__Dataset section__:
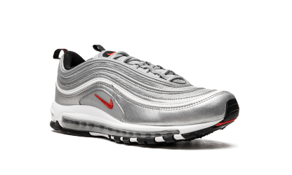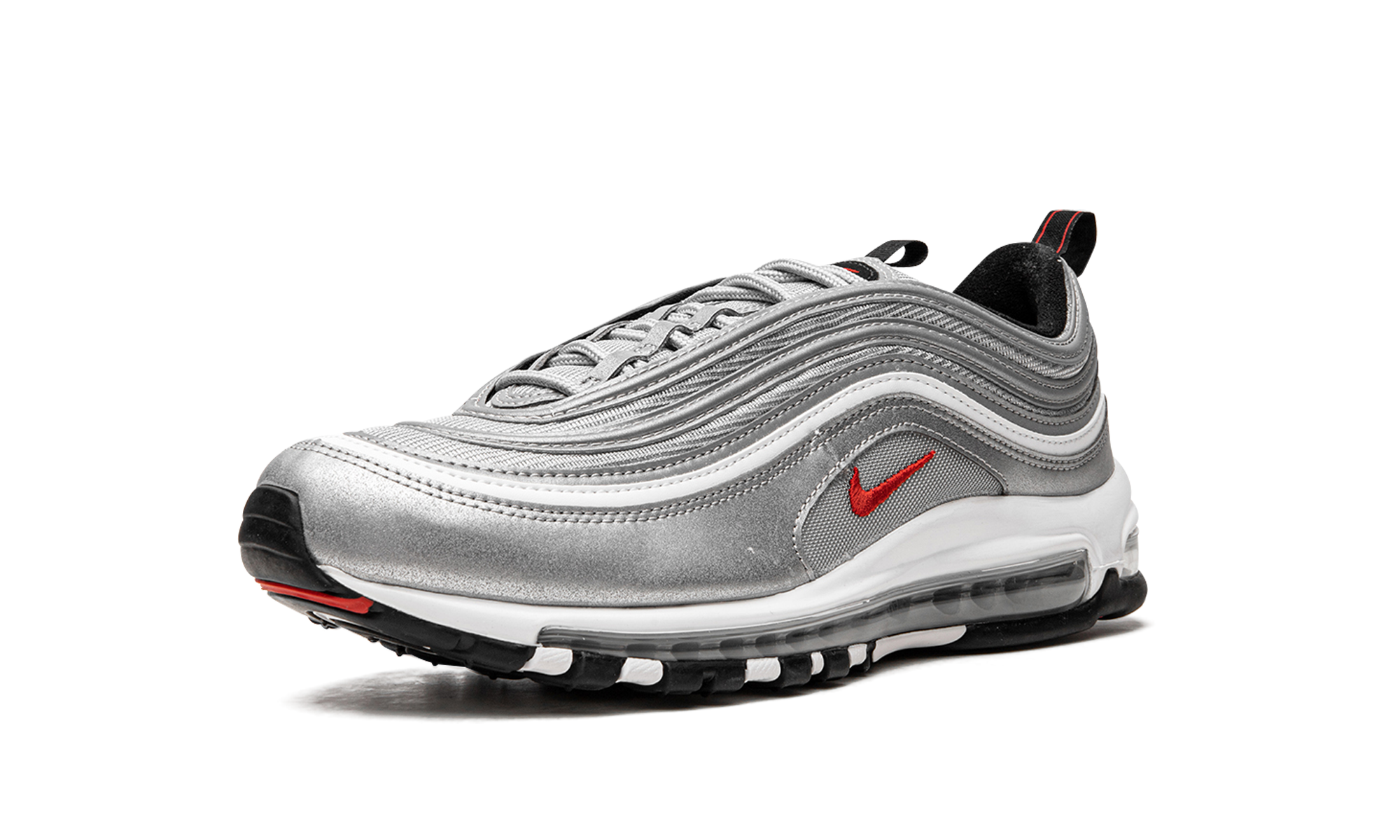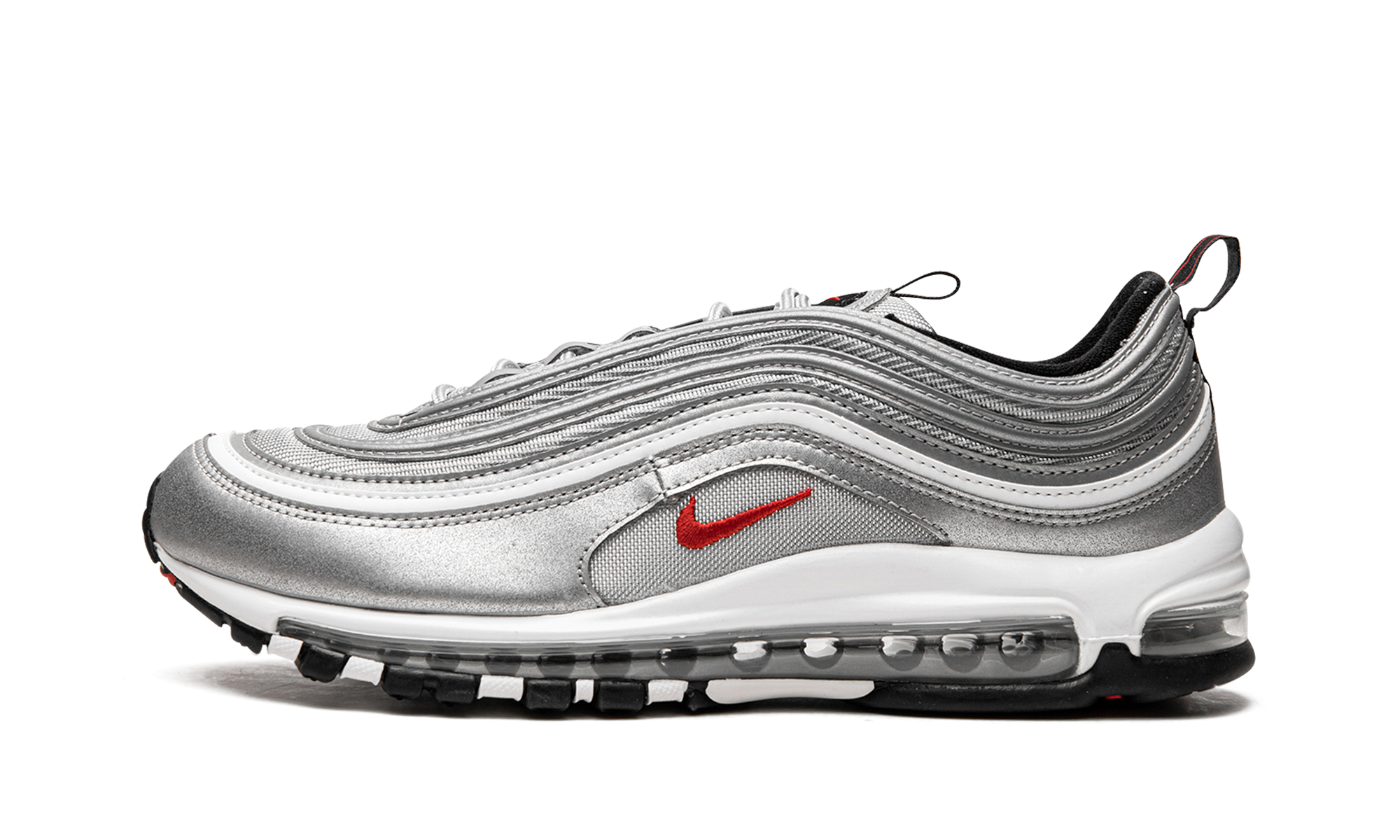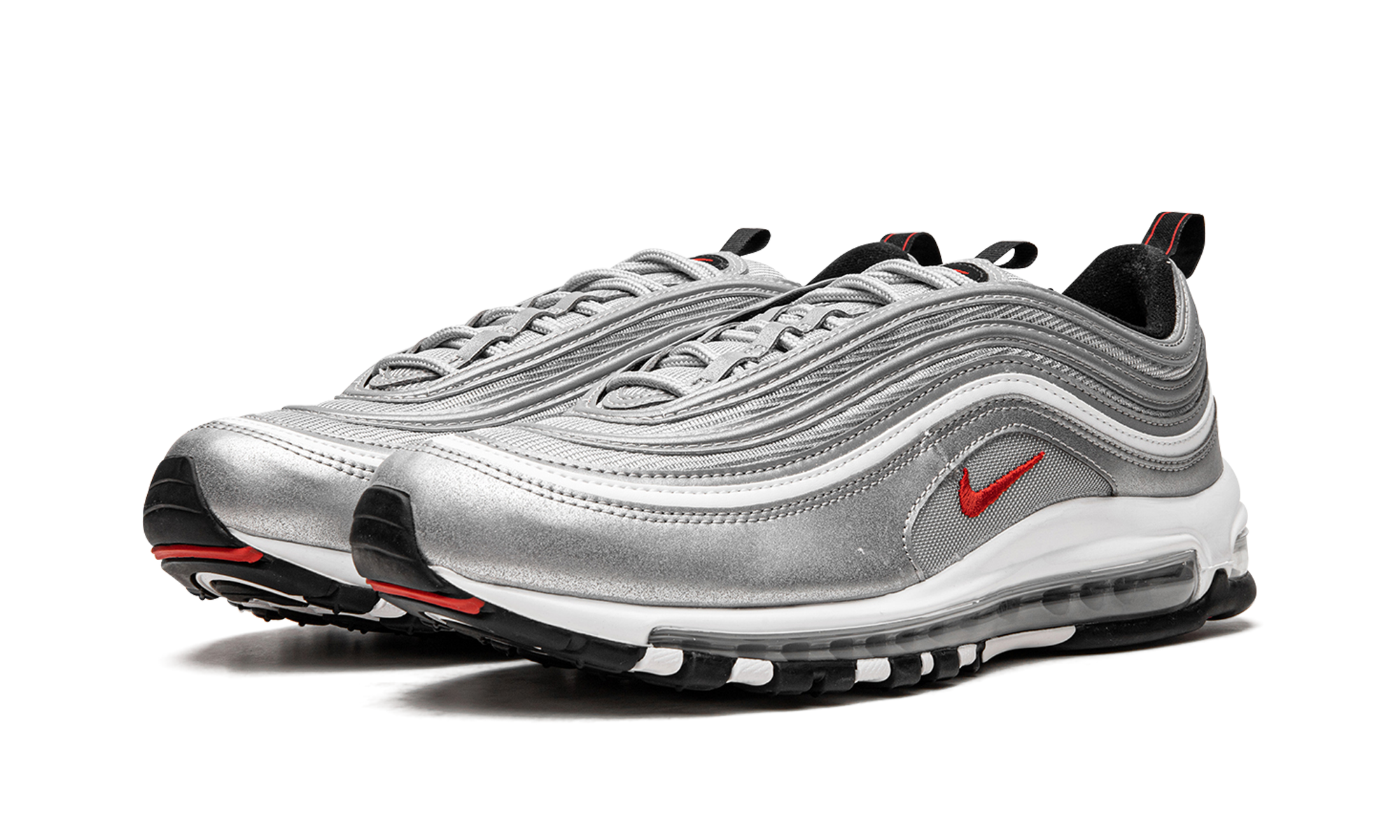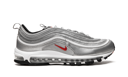 The Nike Air Max 97 “Silver Bullet 2022” is the modern reissue of the original colorway of the iconic retro running shoe that celebrated its 25th anniversary in 2022. Created by Nike footwear designer Christian Tresser in 1997, the Air Max 97 is considered one of the very best Air Max models in the collection’s history. Its “Silver Bullet” colorway is revered by the sneaker community. On the modern version, the shoe’s base is featured in Metallic Silver, as are the tonal wavy leather overlays that wrap around the shoe. A small University Red Swoosh appears on either side above the white foam midsole. The logo is also found on the circular black overlay on the tongue. Red “Air Max” detailing is printed on the heel tab. A full-length Max Air cushioning unit in the midsole completes the design. Release date: November 11, 2022 Silver Bullet 2022
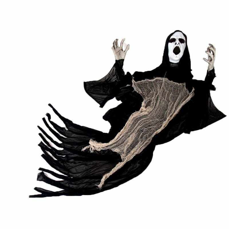 Description Ajoutez une touche effrayante à votre décoration d'Halloween avec ce spectre suspendu avec cape noire et masque fantomatique .... En savoir plus
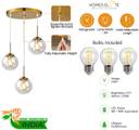 HomesElite 3 Way Brass Electroplated Fittings with Glass Globe Hanging Light(Bulb Included) Pendant Lamp Ceiling Lamp (Gold)
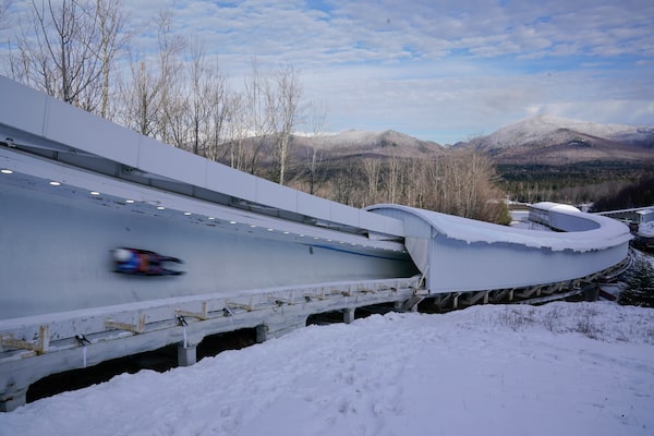 A luger slides down the track during the World Cup luge event in Lake Placid, N.Y., Friday, Dec. 8, 2023.Seth Wenig/The Associated Press

__Work instructions__:
Reproduce exactly, and only, the lines from the one with "HomesElite 3 Way" to the final line of the listing above; the pictures are to be left out.

__Solution for this exercise__:
 HomesElite 3 Way Brass Electroplated Fittings with Glass Globe Hanging Light(Bulb Included) Pendant Lamp Ceiling Lamp (Gold)
 A luger slides down the track during the World Cup luge event in Lake Placid, N.Y., Friday, Dec. 8, 2023.Seth Wenig/The Associated Press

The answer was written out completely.